Permettez ce petit détour. Je reviens d'un quatrième ou cinquième voyage à Cuba et je suis d'avis que rien n'est simple. J'y ai des camarades là-bas qui, tout jeunes à l'époque, ont participé aux campagnes d'alphabétisation des paysans dans les années qui suivirent le renversement de la dictature de Fulgencio Batista, un pays alors semblable à Haïti avec, à la différence, tout simplement moins de Noirs au colorimètre.
Nos conclusions, mon ami et moi, sont qu'après l'impérialisme-néo-colonialisme espagnol puis américain, le pire mal de Cuba aura été de subir l'influence soviétique, dont les Cubains cherchent encore aujourd'hui à se soustraire. L'initiative individuelle serait aujourd'hui l'atout dont Cuba manque le plus. Cuba et les Cubains ont leurs faiblesses : pas de tradition dans la maîtrise de leur
destin, manque de confiance, ce qui ressemble étrangement au Québec. Mais aussi une situation insulaire qui les défavorise compte tenu de leurs maigres ressources naturelles, bref... Mais je me dis que Cuba a fait sa révolution à l'époque révolutionnaire (première époque bolivarienne) alors que le Canada, crispé et réactionnaire le demeura (crispé et réactionnaire) dans sa répression maladive des élans révolutionnaires de 1837-1838. Ce ne serait donc pas tant le Québec qui serait responsable de la «grande noirceur» dont les conséquences se poursuivent aujourd'hui mais le Canada lui-même, si nous osions remettre les pendules à l'heure. Tout ceci pour dire que Cuba a des réalisations que le Québec n'a pas : l'indépendance et des héros que l'on peut célébrer sans arrière pensée. Pour un José Marti, poète devenu homme de guerre par cohérence intellectuelle et mort dignement à son premier combat, dans notre contexte québécois de plus grande répression et de «petite loterie» (N'y a-t-il pas une différence entre faire face à l'Espagne ou à l'Angleterre !), chez-nous, il faut
un Gaston Miron (poésie),
un Pierre Bourgault (action)
un Maurice Séguin (réflexion intellectuelle) pour faire le poids. Pour la mort au combat, je ne sais pas...

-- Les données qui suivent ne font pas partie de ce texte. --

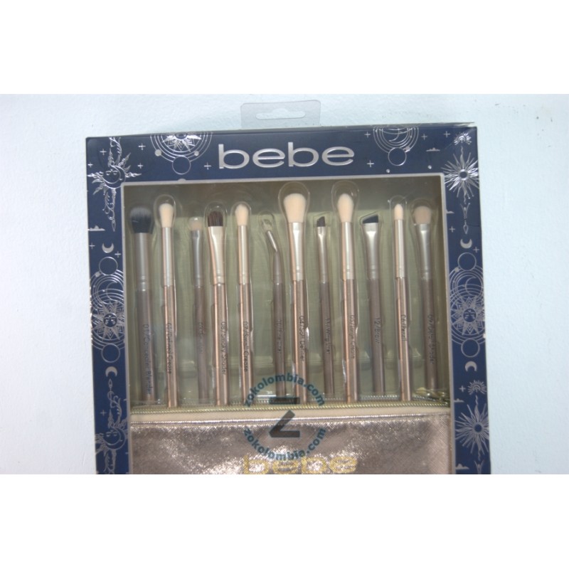 ¡Logra maquillajes de ojos perfectos con este elegante set de brochas de la reconocida marca Bebe! Diseñado para ofrecer la máxima precisión y versatilidad, incluye 12 brochas especializadas y un práctico estuche metálico dorado para mantenerlas organizadas y protegidas.

Je ne veux certes pas dévaloriser le Québec mais faire connaître Cuba et sa grandeur à titre de petit peuple qui souffre toujours mais qui a tant d'espoir parce qu'il a gagné tant de combats. Que peut faire le Québec sans l'héroïsme de Cuba ? Pourquoi dans sa petite taille Québec ne ferait pas sa marque, capable tout autant de susciter respect et admiration partout dans le monde ? Québec le mérite autant que n'importe quel petit peuple du monde, même si toujours il risquera d'être malmené par les plus grands.
Ce grand détour pour exprimer l'idée que l'auteur de cette tribune a raison dans le sens de vouloir déboulonner une certaine facilité de pensée que l'on peut retrouver chez QS et en même temps chez QS, ne retrouve-t-on pas une forme de généreuse utopie dont on ne saurait se passer ? Mon espoir réside dans la création d'une nouvelle cohésion nationale enracinée dans le Québec et orientée dans le sens de la justice sociale. Je pense que nous nous rejoignons tous pour nous opposer au capitalisme oligarchique - ou idéologique pour certains - qui est en fin de compte le frère jumeau du socialisme d'État dans sa plus pure et bête expression. Donc, les espoirs resteront entiers dans la mesure où nous garderons intacts notre espoir de créer dans le sens du progrès, à la manière de Condorcet, un avenir meilleur mais impossible à déterminer pleinement.